Maurice Blackburn associate Andrew Weinmann slammed CGU for trying to avoid the pay-out: “Matilda was bitten by a dingo at a wildlife park. She has a badly injured finger. It is obvious that a wildlife park should have dangerous animals like dingoes kept securely away from vulnerable children, but the park’s insurer has refused to even pay for Matilda’s medical expenses. At the moment, Matilda is recovering. Once Matilda’s injuries have stabilised she will be able to sue the wildlife park.”
Matilda is facing a further 18 months in and out of hospital and doctors’ surgeries. Money is still owed to Ambulance Victoria and replacement pairs of gloves have to paid out of the Arnolds’ own pocket. And Sue Arnold says the psychological toll could last a lifetime.
“She’s been affected terribly, there’s not a day goes by that she doesn’t talk about death … how many four-year-olds talk about a death every day? She has nightmares about wild dogs and dingoes and she freaks out in front of dogs now,” she said. “She’s going to get attacked again, because of the way she acts around dogs.”
The wildlife park’s owner, Shane Hogan, referred our queries to CGU and said he hadn’t been in touch with them for “a while”. He confirmed the fence had been altered after the incident to “hopefully exclude someone doing the same thing”.
This is not the first time the park has been mired in controversy. Last July, Laeleigh Lee’s four-year-old boy was also left with a hole in his finger after feeding the dingoes. But in the intervening months, it seems little was done to avoid a repeat, despite Lee’s mother despatching an angrily-worded letter to the local newspaper.
A spokesperson for the DPI, who was responsible for regulating the park at the time, confirmed the owners were told to erect a better fence following its initial probe.

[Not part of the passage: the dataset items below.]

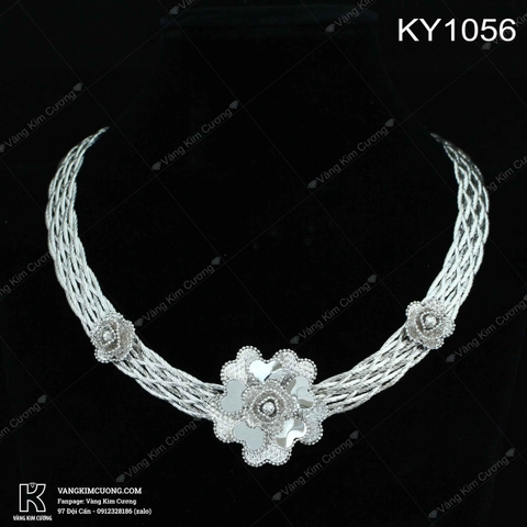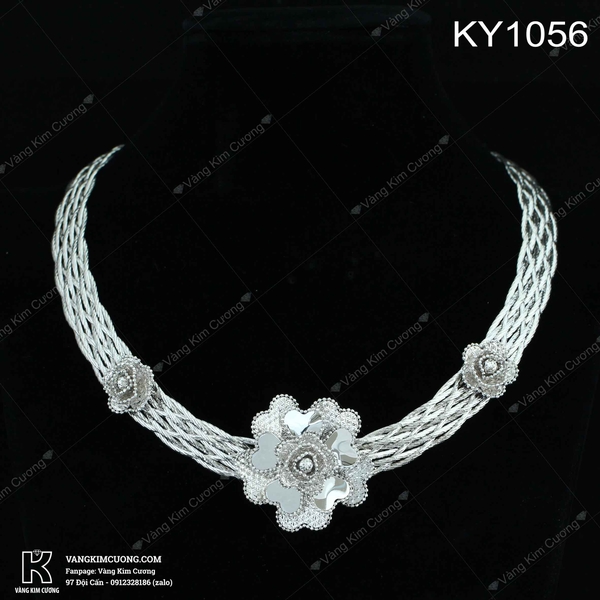 ...Kiềng cổ nữ vàng cao cấp KY1056 vàng trắng 18k, nhập khẩu nguyên chiếc tại italy. Kiềng vàng trắng cao cấp 18k có sự kết hợp liên kết kiềng xoắn tết, điểm nhấn là bông hoa hồng phay 3D nghện thuật làm thu hút cũng như tạo nên vẻ đẹp kiêu sa.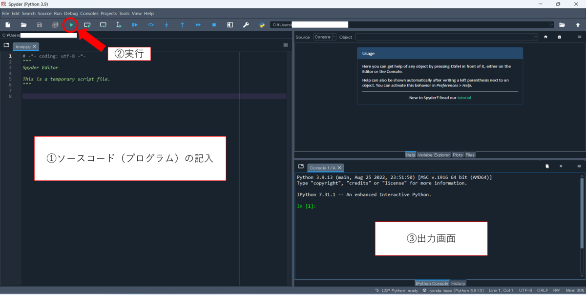 記載にもあるように、Spyderは統合開発環境となっております。初めてPythonを触る人にとっては、無料で①プログラム(ソースコード)が書ける、②エラー確認ができる、③プログラムを実行できるの3つの機能が使いやすいと思っていただければ大丈夫です。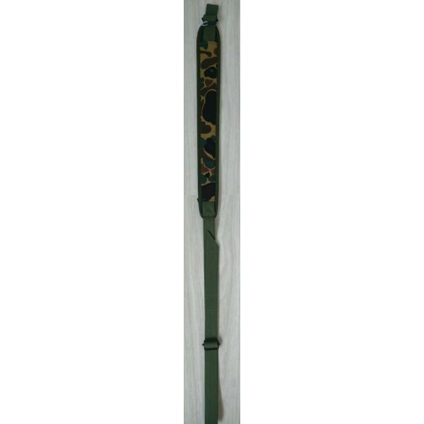 ベルト巾 25mmの二連・オート用負皮です。裏には特種素材が貼ってあるので、肩から滑ることはありません。皮製とは違い布製なので雨などに濡れて劣化し切れる心配がありません。また、このスリングはシャルムの経験から、ストラップに親指を掛けて握ると非常に楽に背負える工夫がされています。是非、お試し下さい。

In an emailed statement, CGU Insurance told Crikey it had received a claim for interim medical expenses and had requested supporting medical documents, which had not been forwarded, a sequence of events rejected by Maurice Blackburn. The statement appears to contradict the earlier letter sent to Sue Arnold through her lawyers, which says explicitly that the broader claim had been denied.
In the letter, CGU threatens to “join” Sue to the dispute between her daughter and the park’s operators if she proceeds with legal action, claiming she had “apologised” to the park’s owners at the time.
Arnold told Crikey she did apologise, but only for Matilda’s badly-mauled hand that was dripping blood all over the floor.